▶ What you need to do
When you reproduce the entries below, keep each one exact and drop any pictures.
++++++++++
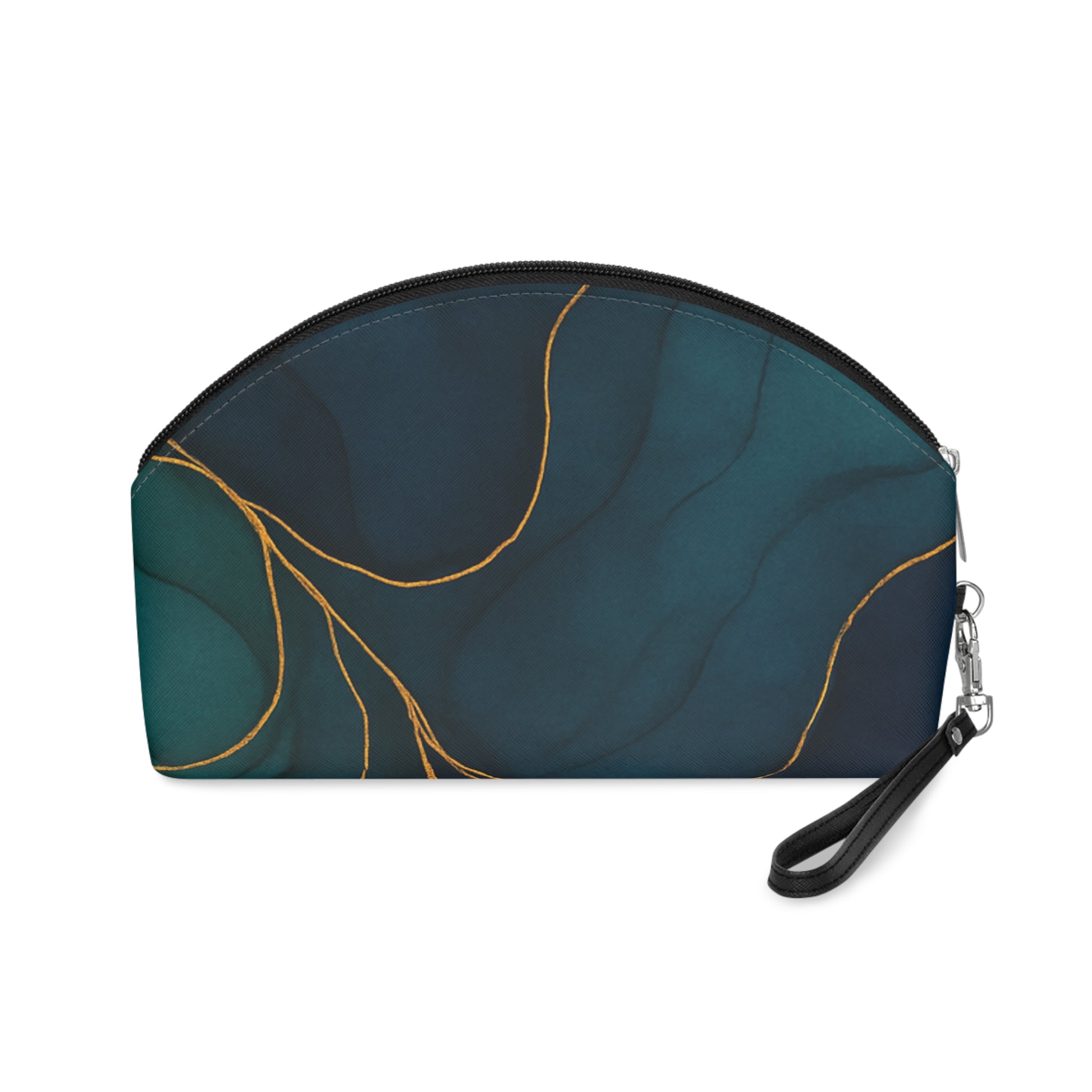 This curved makeup bag carries an artful quiet — deep teal and plum wash into one another, traced with soft gold lines like veins of light. Lightweight but structured, it slips into a tote or sits on your vanity without hogging space. The removable leather wrist strap makes it easy to grab on the go; inside, a single black compartment holds your everyday essentials: brushes, lipsticks, a compact, small perfume. The PU leather surface takes color brilliantly, so the rich tones and metallic accents keep their clarity through regular use. It’s the kind of pouch that calms a busy morning and elevates packing for a short trip.
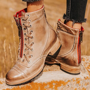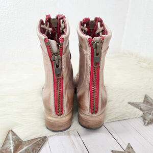 Freebird By Steven Liverpool Zipper Combat Boots in a light brown distressed leather with bright red accents.
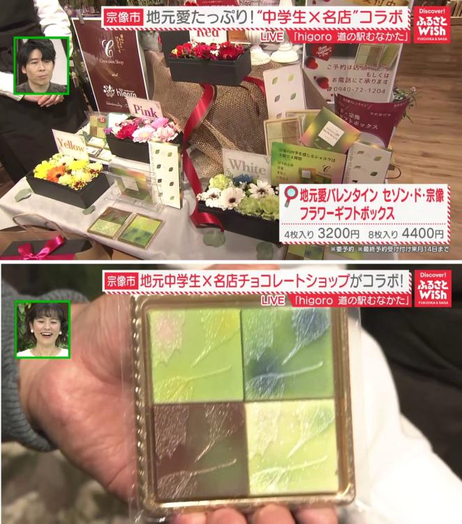 地元の宗像市立自由ヶ丘中学校の生徒と、博多の名店『チョコレートショップ』がコラボした「地元愛バレンタイン セゾン・ド・宗像 フラワーギフトボックス」(4枚入り3200円、8枚入り4400円)」が、現在予約受付中です(最終受付は2月14日まで)。
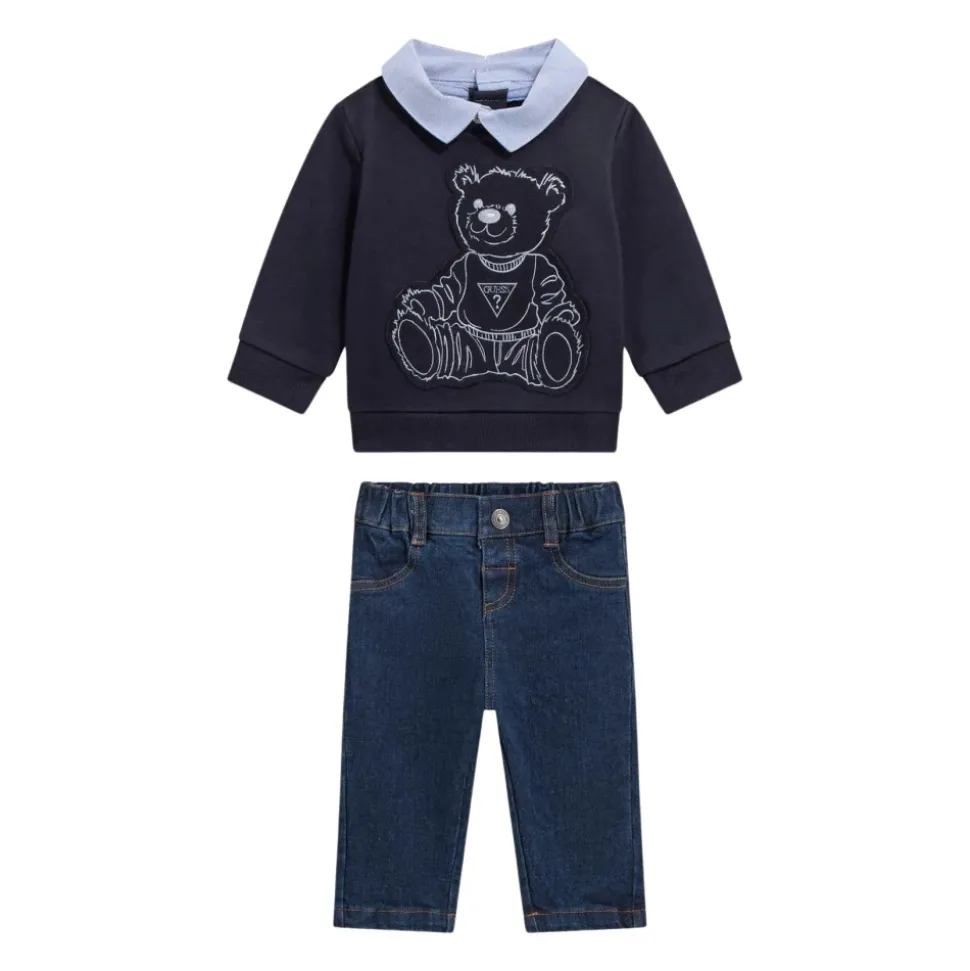 Kleed je kleine man in stijl met deze Guess hoodie en jeans set voor jongens, gemaakt van comfortabel katoen.
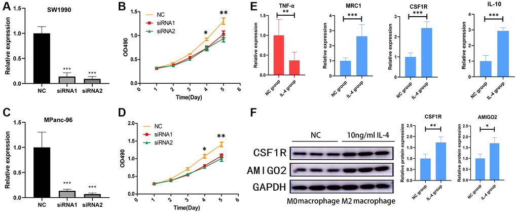 Then, AMIGO2 siRNA was successfully transfected in two Pancreatic ductal adenocarcinoma cell lines, SW1990 and MPanc-96 (Figure 8A, 8C). CCK8 assay shows knock out of AMIGO2 restrains the proliferation of Pancreatic ductal adenocarcinoma cell (Figure 8B, 8D). After inducing M2 polarization of macrophages by adding IL-4 in RAW264.7 cell, the mRNA expression of TNF-α (biomarker of M1 macrophage) in IL-4 treated group is significantly decreased compared to untreated group (NC group, P < 0.01), and the mRNA expression of M2 macrophage biomarkers, including IL-10, CSF1R and MRC1 in IL-4 treated group is significantly increased compared to untreated group (NC group, Figure 8E, P < 0.01). After confirmation of IL-4 induced M2 macrophage, the protein level of M2 polarization biomarker, CSF1R, and AMIGO2 was detected in M2 macrophages (IL-4 treated group) and M0 macrophages (NC group). The expression of CSF1R and AMIGO2 was significantly increased in M2 macrophages (Figure 8F, p < 0.05).
++++++++++
▶ Problem solution
 This curved makeup bag carries an artful quiet — deep teal and plum wash into one another, traced with soft gold lines like veins of light. Lightweight but structured, it slips into a tote or sits on your vanity without hogging space. The removable leather wrist strap makes it easy to grab on the go; inside, a single black compartment holds your everyday essentials: brushes, lipsticks, a compact, small perfume. The PU leather surface takes color brilliantly, so the rich tones and metallic accents keep their clarity through regular use. It’s the kind of pouch that calms a busy morning and elevates packing for a short trip.
 Freebird By Steven Liverpool Zipper Combat Boots in a light brown distressed leather with bright red accents.
 地元の宗像市立自由ヶ丘中学校の生徒と、博多の名店『チョコレートショップ』がコラボした「地元愛バレンタイン セゾン・ド・宗像 フラワーギフトボックス」(4枚入り3200円、8枚入り4400円)」が、現在予約受付中です(最終受付は2月14日まで)。
 Kleed je kleine man in stijl met deze Guess hoodie en jeans set voor jongens, gemaakt van comfortabel katoen.
 Then, AMIGO2 siRNA was successfully transfected in two Pancreatic ductal adenocarcinoma cell lines, SW1990 and MPanc-96 (Figure 8A, 8C). CCK8 assay shows knock out of AMIGO2 restrains the proliferation of Pancreatic ductal adenocarcinoma cell (Figure 8B, 8D). After inducing M2 polarization of macrophages by adding IL-4 in RAW264.7 cell, the mRNA expression of TNF-α (biomarker of M1 macrophage) in IL-4 treated group is significantly decreased compared to untreated group (NC group, P < 0.01), and the mRNA expression of M2 macrophage biomarkers, including IL-10, CSF1R and MRC1 in IL-4 treated group is significantly increased compared to untreated group (NC group, Figure 8E, P < 0.01). After confirmation of IL-4 induced M2 macrophage, the protein level of M2 polarization biomarker, CSF1R, and AMIGO2 was detected in M2 macrophages (IL-4 treated group) and M0 macrophages (NC group). The expression of CSF1R and AMIGO2 was significantly increased in M2 macrophages (Figure 8F, p < 0.05).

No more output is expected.